Co-investment is a strategy in which several investors join forces to jointly finance a project or asset. This method is particularly used in sectors such as private equity, real estate or infrastructure. In addition to collaborations initiated by a main investor, often a fund or a management company, there are Club Deals. The latter are made up of freelancers or companies that do not specialize in fund management, offering a more flexible and autonomous approach.

How co-investment works

A lead investor identifies an opportunity and offers other partners the opportunity to participate. The latter, sometimes called “co-investors”, provide additional capital, thus making it possible to raise the funds necessary to finance the project.

In the context of this type of investment, it is common to use a SPV (Special Purpose Vehicle), a company created specifically to structure the operation. Investors do not become direct owners of the underlying asset, but they own shares in this intermediary company. This structure facilitates asset management, the distribution of rights between participants and ensures greater transparency.

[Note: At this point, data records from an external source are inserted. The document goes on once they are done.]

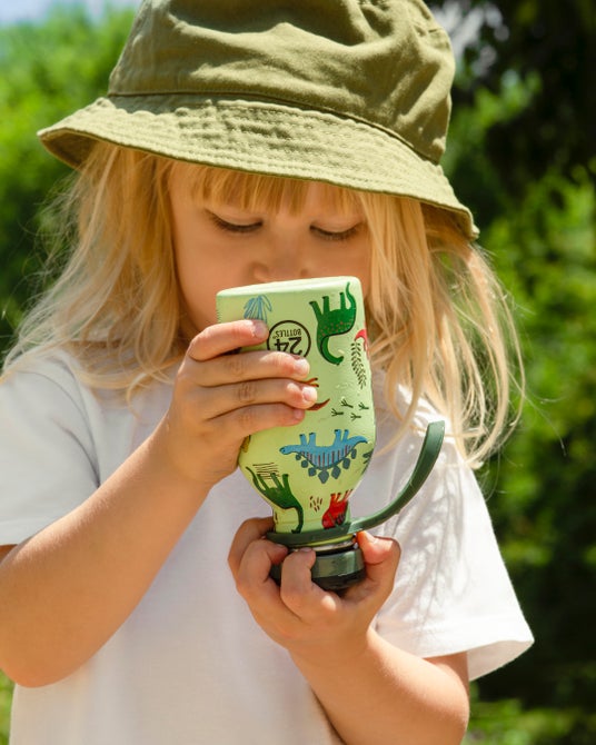 お子様がひとりで簡単に水分補給できる操作性と、24時間の保冷機能を両立。恐竜や動物、野菜などのキャラクターが描かれた個性豊かな6種のデザインで、健やかな成長とサステナブルな習慣をサポートします。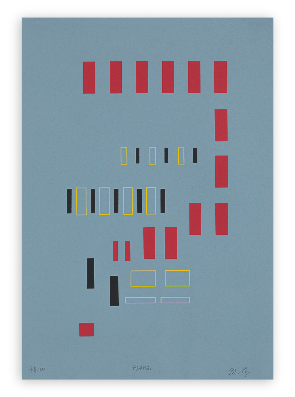 Opera originariamente parte della cartella: 'Mario Nigro. 10 opere grafiche dal 1948 al 1955' con testo di presentazione di Luciano Caramel e 10 litografie a colori di Mario Nigro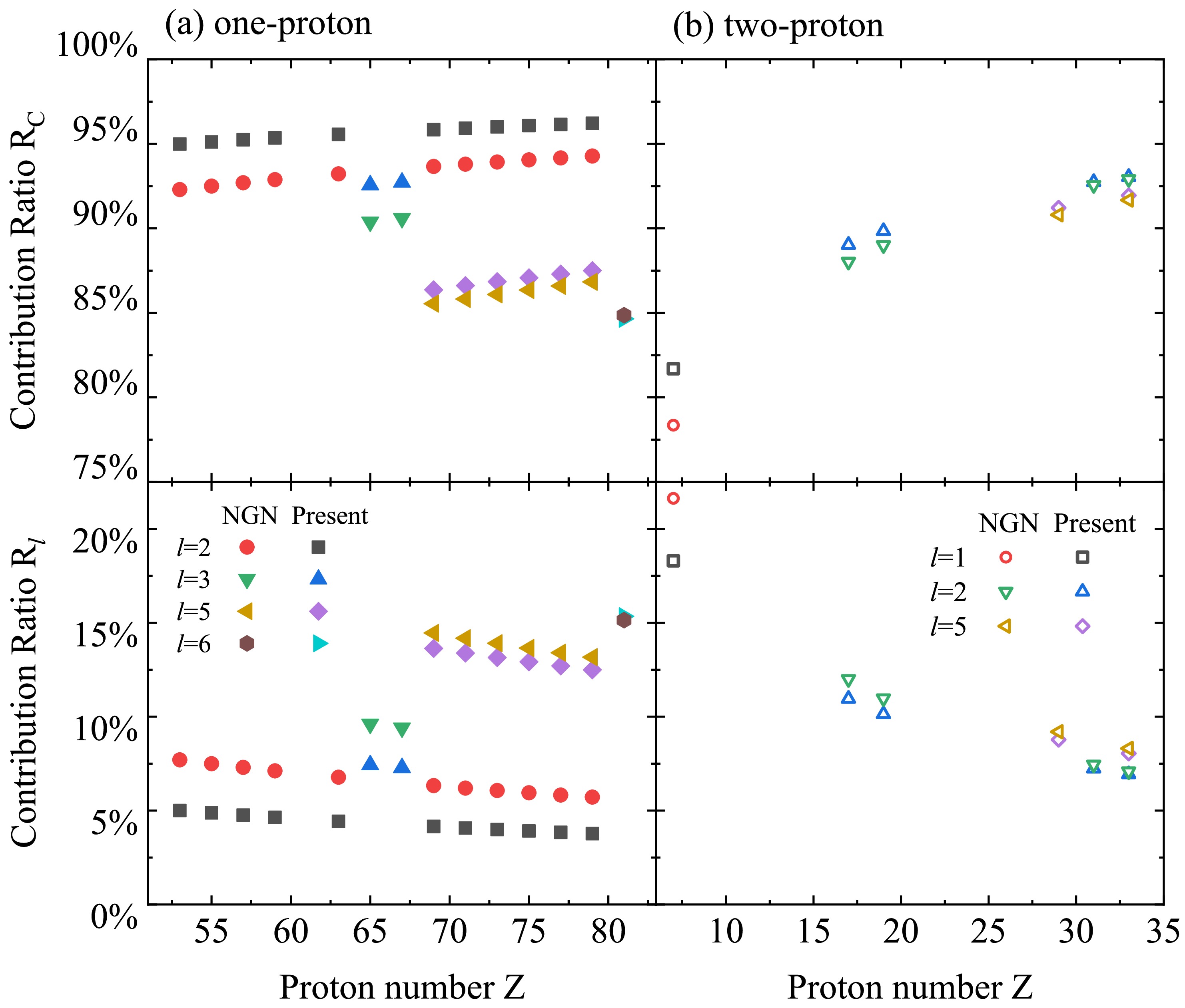$R_C$ and$R_l$ represent the fractional weights of the Coulomb and centrifugal components in the composite quantity$Z_d^{\alpha}+bl^{\beta}$ , and therefore provide a direct measure of the importance of the long-range Coulomb potential and the relatively shorter-range centrifugal potential, respectively.In Fig. 4 the extracted contribution ratios for all one-proton and two-proton emitters are displayed. Several systematic trends can be observed. From the left two panels for one-proton emission cases, we can see that for low angular momentum one-proton emitters such as with

These associations often take place in parallel with a main fund, but offer participants specific conditions, such as reduced fees or direct involvement in the project.

Benefits of co-investing

  • Access to exclusive opportunities: Participants can invest in projects or assets that are usually reserved for large institutional investors.
  • Cost reduction: Compared to a traditional investment via a fund, management fees are often lower, as they do not go through intermediaries.
  • Risk sharing: The participants spread the financial risks associated with the project.
  • Diversification: This approach makes it possible to extend investments to several projects or assets, thus reducing exposure to a single one.
  • Structural simplicity thanks to SPVs: The creation of an SPV allows centralized asset management and a clear distribution of rights and responsibilities.

Application example

As part of a real estate acquisition, a management company identifies a high-value building and invites its partners to join the operation. An SPV is created to structure the investment. Each participant owns a share in this company, which owns the building. The income generated by renting or reselling is then redistributed to investors in proportion to their holdings.

Whether it is a project led by a main investor or a Club Deal, this strategy offers participants an opportunity to optimize their resources while benefiting from strategic alignment with other investors. By combining capital and expertise, it maximizes the chances of success.